The increased risk of bleeding is well documented after FNB in patients on antiplatelet and anticoagulant medications[16-18], prophylactic doses of low molecular weight heparin[19], procedures performed in the lower gastrointestinal tract compared with the upper gastrointestinal tract[20], and placement of fiducial markers for guiding radiation therapy (especially SBRT) in pancreatic cancer[21,22]. Moreover, FNB of the liver carries a risk of bleeding and or subcapsular hematoma in 0.6% to 0.9% of patients[23,24].
Since EUS-FNB is considered a high-risk procedure for bleeding in patients on anticoagulation or antithrombotic agents, it is essential to have a thorough knowledge about the indication for the procedure and the medical indication for the anticoagulation medication[25]. The decision to interrupt any antiplatelet and/or anticoagulant agents should carefully incorporate the subsequent risk of thrombotic events and may benefit from a multidisciplinary review. The decision to interrupt antiplatelet and anticoagulant agents before procedures requires a careful balance between the risk of bleeding associated with EUS-FNB and the risk of thrombotic events (such as stroke, myocardial infarction, or stent thrombosis) associated with stopping the medication.

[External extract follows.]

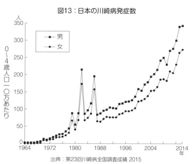 深刻なことに、日本での川崎病は、世界一の頻度です。全国調査では、右肩あがりにふえていて(図13)、二〇一四年は一万六〇〇〇人。ただし、調査では、質問に回答しなかった医療機関が二五%ほどあるため、実数はもっと多いはすです。この傾向がつづいていけば、二〇一七年には二万人を超えていることでしよう。近年の出生数は年一〇〇万人前後なので、新生児一〇〇人につき二人がいつか発症する勘定です。--子どもの健康をまもるため、ぜひとも対策が必要です。
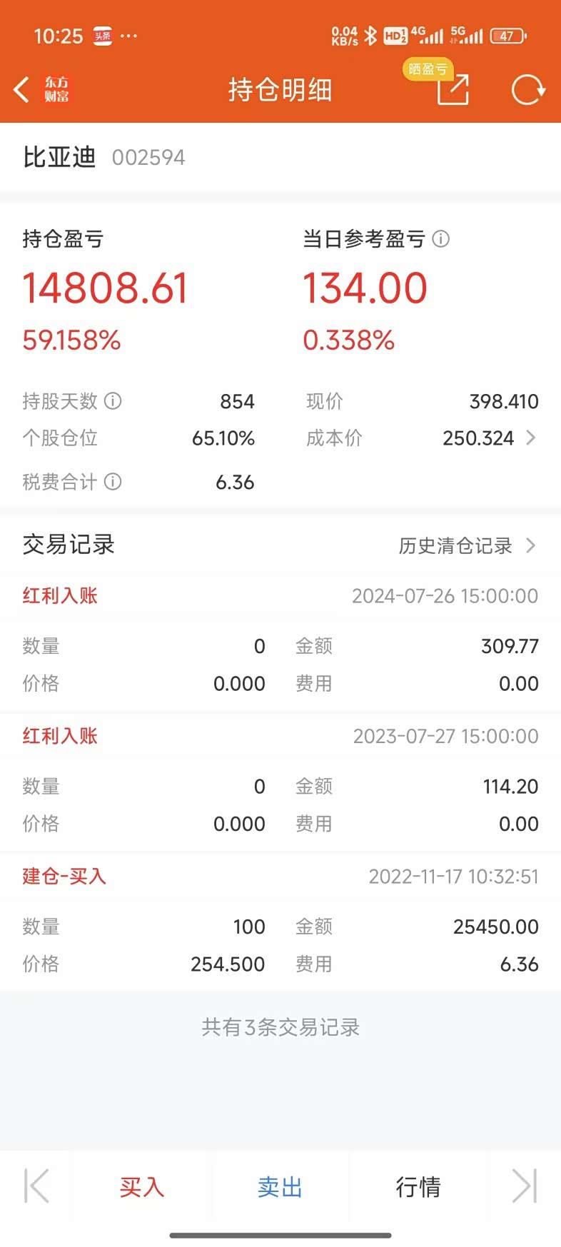 我是2022年的时候250元买的比亚迪股票,每股已经赚150元了,虽然只买了100股,那也赚了15000元了,感谢比亚迪。因为比亚迪技术为王,创新为本的理念,比亚迪的工程师文化,比亚迪的厚积薄发,造就了如今比亚迪的技术优势,销量优势,所以我看好比亚迪。比亚迪以销量为答卷,向行业证明:技术创新与用户思维兼具,方能在市场竞争中稳立潮头。未来,随着比亚迪在智能化、全球化领域的持续发力,其领跑姿态或将为中国汽车产业书写更多精彩篇章。

The technique used during EUS-FNB can influence the risk of bleeding. Color Doppler should be used to avoid blood vessels during needle insertion. If bleeding occurs, mechanical pressure is applied with the echoendoscope to stop the bleeding. Other strategies to prevent bleeding after EUS-FNB include limiting needle passes by the use of the fanning technique and avoiding the torquing of the echoendoscope when the needle is inserted. During the procedure of EUS-FNB of solid lesions, aspirin may be continued, but anticoagulants such as warfarin, unfractionated heparin/low molecular weight heparin, thienopyridines (clopidogrel), fondoparinux and others should be stopped prior to the procedure as per the recommended guideline[26,27]. Moreover, the laboratory value of platelet count > 50000/mm3 and international normalized ratio < 1.5 is advisable prior to the procedure[28].
Infection
The incidence of bacteremia after EUS-guided tissue acquisition of solid lesions is low, similar to that of routine upper gastrointestinal endoscopy[29-31]. This low risk of bacteremia in average-risk patients supports the recommendation of not using routine antibiotic prophylaxis for EUS-guided tissue acquisition of lymph nodes and solid lesions[32]. Bacteremia associated with EUS is transient and rarely leads to symptomatic infections. However, prophylactic antibiotics are reserved for EUS-guided tissue acquisition of mediastinal or pancreatic cystic lesions. When draining cysts, it is advisable to ensure complete aspiration wherever feasible to reduce infection risk. When sampling the partly cystic lesions, it is important to evaluate the necessity of prophylactic antibiotics against the risks associated with their use. The precautionary strategy of administering prophylactic antibiotics can be applied to mitigate the risk of infection when the needle traverses the bile duct, pancreatic duct, or major vascular structure, even though there are limited data to fully verify this necessity.
Pancreatitis
EUS-FNB has emerged as an important tool for getting the sample in the pancreatic lesions. Pancreatitis is a recognized complication after EUS-FNB of pancreatic ducts, cysts, or masses. Some studies suggest a risk of pancreatitis, with rates reported up to 3.1% in some cohorts undergoing EUS-guided fiducial placement for pancreatic cancer[33]. Because of the very low event rate of complications of pancreatitis, the use of nonsteroidal anti-inflammatory drugs to prevent post-EUS-FNB pancreatitis has not been formally studied in large, randomized controlled trials. Despite the lack of specific, large-scale evidence for FNB, the inflammatory mechanism for post-EUS pancreatitis seems to be similar to that of post-ERCP pancreatitis. Moreover, the risk of post-EUS pancreatitis is higher when sampling occurs through normal pancreatic parenchyma (e.g., in the uncinate process or head) or the pancreatic duct. While data is scarce, 100 mg rectal suppository of diclofenac or indomethacin may be given prior to the procedure to reduce the risk of pancreatitis, based on its safety, low cost, and proven efficacy in reducing post-ERCP pancreatitis.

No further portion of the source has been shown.